A 401(k) is one of the best ways to save for retirement, but there’s more than one type of employer-sponsored retirement account and knowing the differences can give you more options in the long run.
One of the biggest perks of contributing to a traditional 401(k) is that doing so can save you money on taxes. Any money you put in a traditional 401(k) goes straight from your paycheck before taxes are applied, so it reduces your taxable income.
But financial expert Suze Orman says there’s a better way to invest for your retirement. Instead of investing in a traditional 401(k), Orman recommends investing in a Roth 401(k). Now you’ve probably heard of the individual retirement account option, the Roth IRA, but there’s now a 401(k) version as well that functions in roughly the same way.
With a traditional 401(k), you don’t pay taxes on the income you’re funneling into your investments. But when you retire, you pay taxes when you withdraw money from that account.
With a Roth IRA, you contribute the money after-taxes, so while you don’t get the immediate tax break, you don’t have to pay any taxes when you retire. About 70% of employers offer Roth 401(k)s, according to Plan Sponsor Council of America’s 2019 annual survey of employers.
“In my opinion, you should absolutely be putting every single cent into the Roth version of your retirement account,” says Orman who recently released her new book, “The Ultimate Retirement Guide for 50+.”
Roth retirement accounts offer more options
Why does Orman like Roth retirement accounts so much more? Because they offer more flexibility than a traditional 401(k).
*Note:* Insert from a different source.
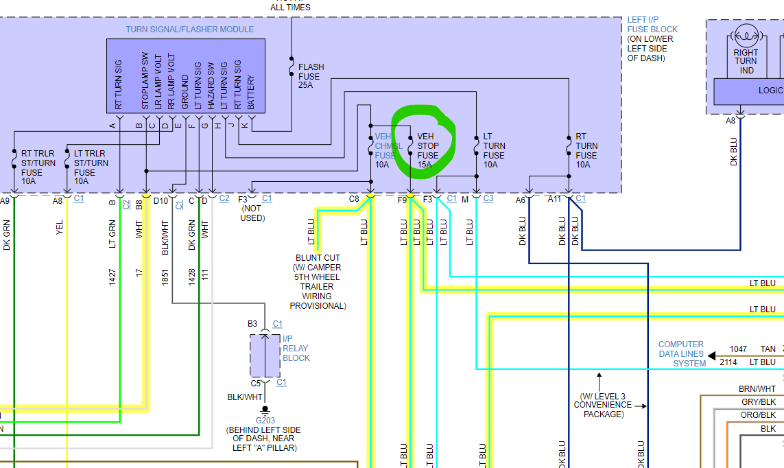 Starting with the 3rd diagram, you see the wire I labelled going to your cruise control unit. The test you can do, is run the truck and use your cruise control, the cruise control should turn off when you tap the brake pedal. If it doesnt that means the cruise control unit is probably not receiving a signal from the brake pedal switch and the issue is most likely in that Under Hood Fuse Block.

With a Roth 401(k), you don’t ever have to take the required minimum distributions. Meanwhile, a traditional retirement account requires you to start taking money out at age 72. If you miss this deadline, or don’t take enough money out, the penalty can be severe: The amount not withdrawn is taxed at 50% rate.
Meanwhile, if you’re planning to leave retirement savings as an inheritance, Orman says a Roth 401(k) is better here, too. What if your kids are in a higher tax bracket than you ever were in, and you leave them money in a traditional 401(k)?
They’re going to lose a lot of that money, Orman says. But with a Roth, they get it without income taxes, she says.
If you don’t have the option to invest in a Roth 401(k) at work, you can always invest in a Roth IRA if you earn under the income limit, Orman says. In 2020, you can put away $6,000 in a Roth IRA if you’re under age 50 (a bit more if you’re older), but you can only make full contributions to these accounts if your individual modified adjusted gross income is less than $124,000 this year ($193,000 for those who are married and filing jointly).
Orman’s advice: If you have a retirement account at work that matches your contribution, invest up to the point of the match. After that, fully fund your Roth IRA.
Plus, with a Roth IRA, you can take out your contributions at any time without penalty, regardless of your age or how long the money has been there. “There are so many advantages for you to do a Roth versus a traditional,” Orman says.
“So please don’t go for the tax write off today so that later on in life you have to pay taxes on a traditional retirement account. Go for a Roth,” Orman says.